In a situation in which the ink according to the first embodiment contains a nonionic surfactant, the components of the ink hardly separate from the ink through the surfactant being inhibited from separating from the ink when the ink wets a recording medium and penetrates thereto. This can inhibit prior penetration of only a highly permeable liquid component of the ink. As a result, permeability of the ink as a whole to a recording medium and copy density of an image formed on the recording medium using the ink can be increased while nozzle drying can be inhibited and excellent ejection stability can be ensured.
Examples of preferable nonionic surfactants include polyalkylene glycol alkyl ether acrylate-alkyl acrylate-polyalkylene glycol acrylate-lauryl acrylate-alkyl methacrylate copolymers, and polyethylene glycol methyl ether acrylate-butyl acrylate-polypropylene glycol acrylate-lauryl acrylate-methyl methacrylate copolymers are more preferable.

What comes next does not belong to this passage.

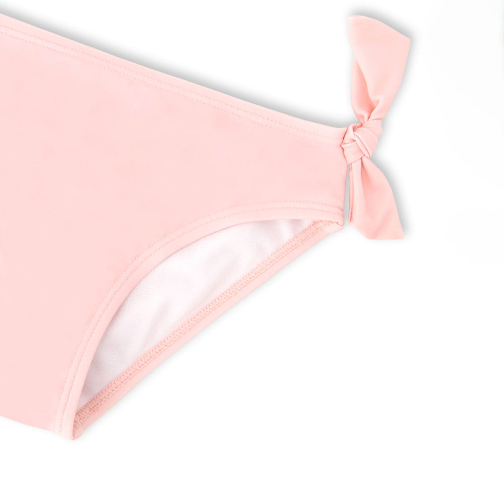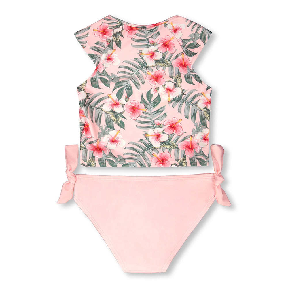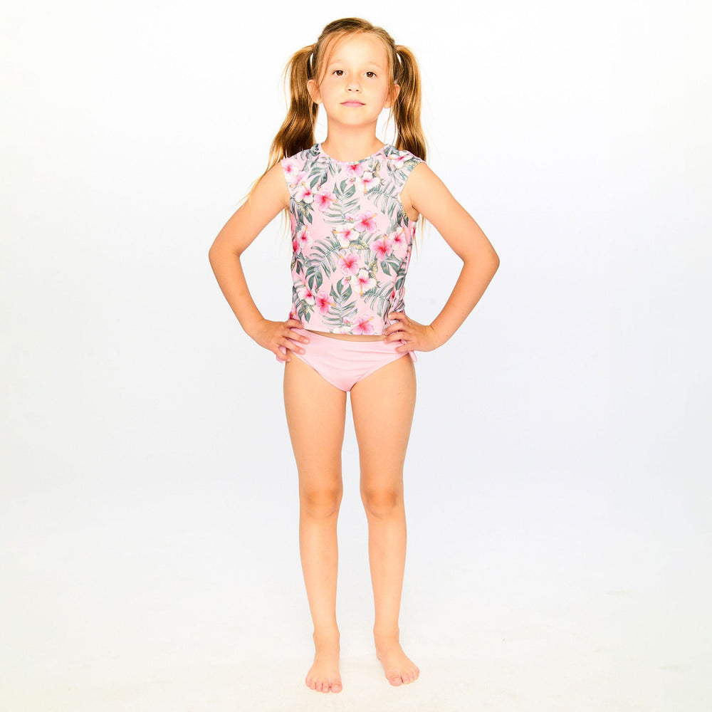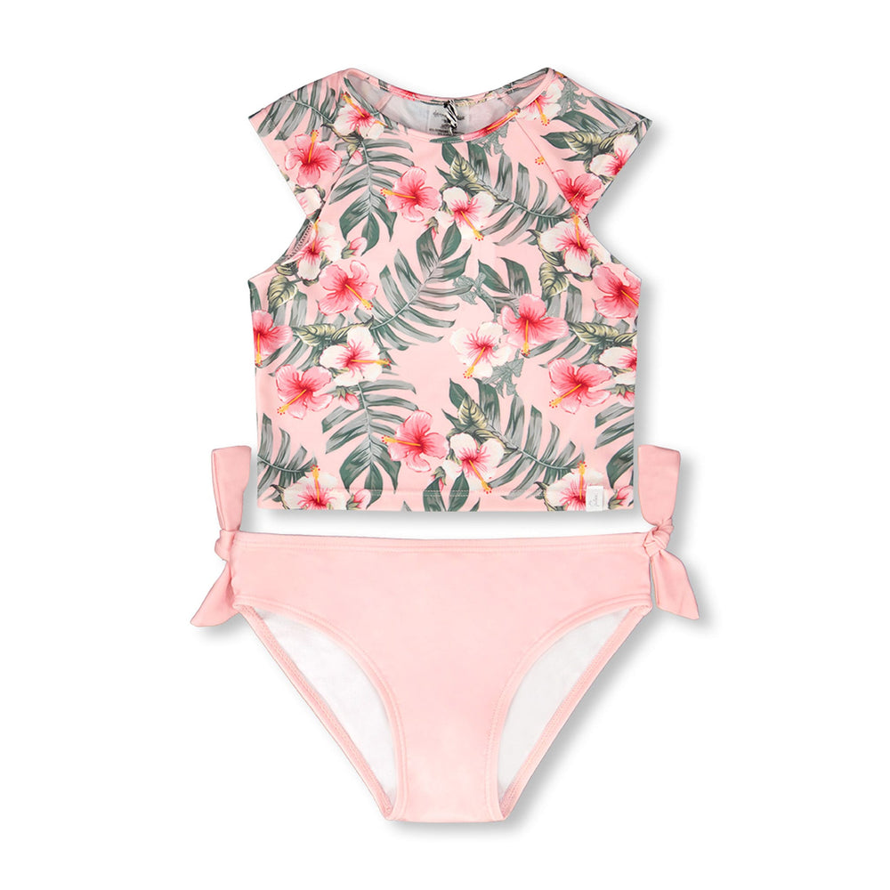 Frais et ludique, ce maillot de bain deux-pièces rose à imprimé hibiscus est conçu pour les journées ensoleillées. Cet ensemble de bain a un haut doté de petites manches et d’un col rond, avec un imprimé tropical d’hibiscus et de feuillages. La culotte assortie en rose uni est agrémentée de jolis liens à nouer sur les côtés pour un ajustement parfait.

In order to obtain an image at desired copy density while preventing occurrence of convex curling of a recording medium on which an image has been formed using the ink, the amount of the surfactant is preferably at least 0.3% by mass and no greater than 0.8% by mass relative to the total mass of the ink.
[Additional Components]
The ink according to the first embodiment may contain any known additives (specific examples include a solution stabilizer, an anti-drying agent, an antioxidant, a viscosity modifier, a pH adjuster, and an antifungal agent) as necessary as additional components that are different from the above-described components. The solution stabilizer is used for a purpose of compatibilizing the components of the ink to stabilize a dissolved state of the components in the ink. Examples of solution stabilizers include 2-pyrrolidone, N-methyl-2-pyrrolidone, and γ-butyrolactone. Any one of the solution stabilizers listed above may be used independently, or any two or more of the solution stabilizers listed above may be used in combination. In a situation in which the ink contains a solution stabilizer, the content percentage of the solution stabilizer is preferably at least 1.0% by mass and no greater than 20.0% by mass relative to the total mass of the ink, and more preferably at least 2.0% by mass and no greater than 15.0% by mass.
In a situation in which the ink according to the first embodiment contains an anti-drying agent, glycerin is preferable as the anti-drying agent.
A preferable ink as the ink according to the first embodiment is an ink containing water (water-based ink). In a situation in which the ink according to the first embodiment is a water-based ink, the content percentage of the water in the ink is preferably at least 20% by mass and no greater than 90% by mass relative to the total mass of the ink, and more preferably at least 25% by mass and no greater than 80% by mass.
[Ink Production Method]
No particular limitations are placed on a production method of the ink according to the first embodiment so long as uniform mixing of the pigment, the first particles, the second particles, the moisturizing agent, and the additional components, which are added as necessary, can be achieved. A specific example of the ink production method is a method in which the components of the ink are stirred using a stirrer for uniform mixing and foreign substances and coarse particles are removed using a filter (for example, a filter having a pore size of no greater than 5 μm).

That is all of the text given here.